CN116115197B - OCT balloon catheter and preparation method thereof - Google Patents

Abstract

The invention discloses an OCT balloon catheter and its preparation method and application. It includes an OCT optical fiber, an OCT spring tube outside the optical fiber, and a coaxial guide wire wrapped outside the OCT spring tube. The guide wire runs from the head end to the tail end. The order is directional guide wire, load-bearing guide wire, and support guide wire. The outer parts of the load-bearing guide wire and the supporting guide wire are covered with a coat layer, and the outer coat layer of the load-bearing guide wire forms a balloon after expansion. The present invention realizes the integration of balloon and OCT optical fiber, and can be applied to the diagnosis of biliary tract diseases. When used, the balloon is inflated to fill the biliary lumen and fixed to the wall, and then combined with the OCT imaging technology in the balloon to achieve better results. To check the effect, the balloon size can be designed in different models according to the diameter of the target bile duct and the length of the lesion.

Description

An OCT balloon catheter and its preparation method

Technical field

The invention belongs to the technical field of medical devices, and specifically relates to an OCT balloon catheter and a preparation method thereof.

Background technique

There are currently two difficulties in the diagnosis of cholangiocarcinoma. First, it is difficult to diagnose preoperatively. Cholangiocarcinoma is a weak target in imaging, so it is difficult to achieve accurate diagnosis through non-invasive means; second, it is difficult to diagnose intraoperatively, and transoral choledochoscopy is not required. Although it can achieve direct vision and biopsy of the bile duct, it lacks the ability to explore the Z-axis (vertical depth) of the bile duct; although the intrabiliary ultrasound that has been approved for marketing has a certain degree of Z-axis exploration ability, it lacks the ability to explore the X, Y-axis (vertical depth). imaging) detection capabilities. Therefore, there is an urgent clinical need for a biliary disease diagnostic equipment that can simultaneously perform X, Y, and Z axis examinations.
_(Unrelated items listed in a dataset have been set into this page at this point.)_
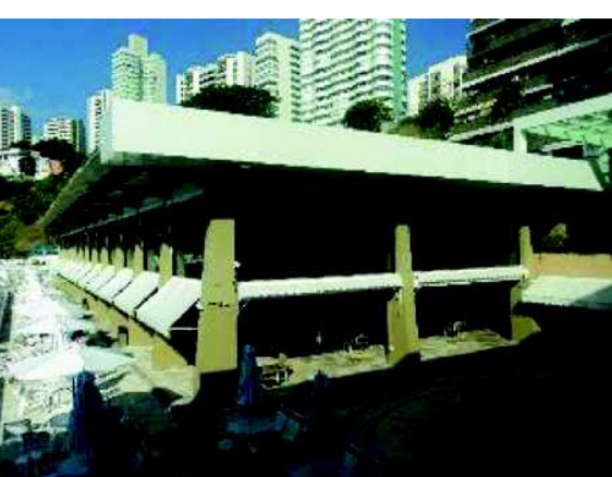
Figure 5: Yatch Club – 2015; Source: Ana Carolina Bierrenbach
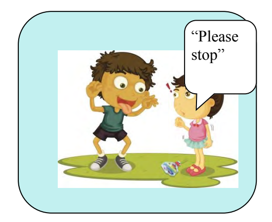
Asking to Stop Politely
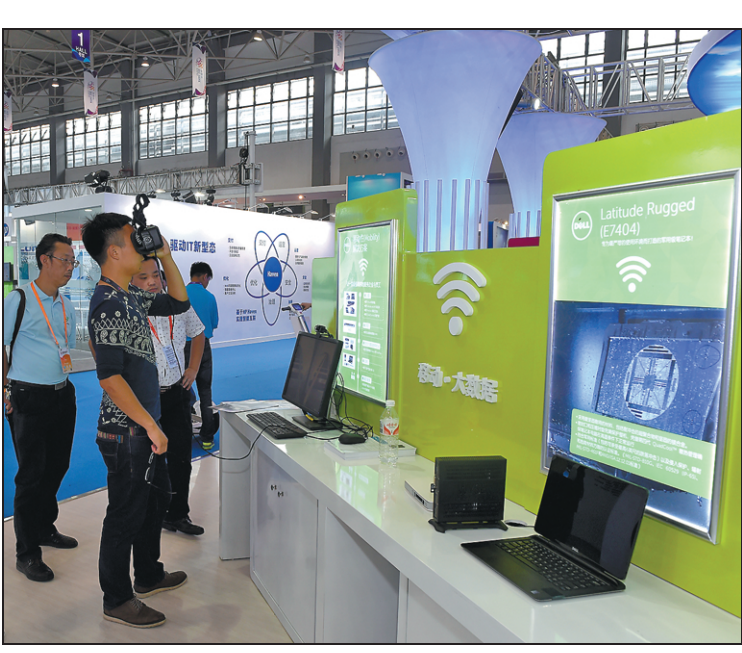
Visitors at the international big data conference, which opened in Guiyang, Guizhou province, on Tuesday. Uber is in talks with the Guiyang government for taxi-hailing services.

close details of the proposed partnership, but Kalanick said that creating jobs will be one factor that attracts officials. Uber entered the Chinese mainland more than a year ago, and it is operating in nine cities including Beijing, Shanghai, Shenzhen and Wuhan, the capital of Hubei province. Many Uber rivals are also

Optical coherence tomography (OCT) technology refers to obtaining tomographic images of biological tissues by measuring optical weak coherent reflection and backscattering, and using superheterodyne detection technology to improve the signal-to-noise ratio. It is a method that is independent of X-ray, Biological tissue imaging methods other than ultrasound, CT, and MRI have the advantages of high resolution, low penetration, and small size. OCT is optical fiber imaging. The outer diameter of the optical fiber is generally 125-140um, and the core diameter is generally 3-100um. After being packaged in a spring tube, the diameter can still be less than 800um, and can pass through any type of sheath. OCT imaging can clearly image in the Z-axis (vertical depth) range of 3-10mm, with a resolution of 10-50um. It is also called "optical biopsy" and has been well clinically used in coronary artery and ophthalmic imaging. Coronary OCT is a catheter OCT technology, and its successful application reminds us that OCT technology combined with endoscopic catheter tumor detection methods has potential clinical significance.

For example, CN204169825U discloses an esophageal OCT system, which includes an OCT engine, a probe interface unit, a balloon catheter, an OCT guidewire with a probe, a high-speed acquisition device, and an image processing and display device connected in sequence. It can solve the problems of low return rate, delayed diagnosis and sampling error of existing equipment for diagnosing Barrett's esophagus. It also has the advantages of fast imaging speed, high resolution, high contrast and easy image recognition, and can meet clinical needs. Doctors observe the characteristics of esophageal tissue and other practical medical work needs.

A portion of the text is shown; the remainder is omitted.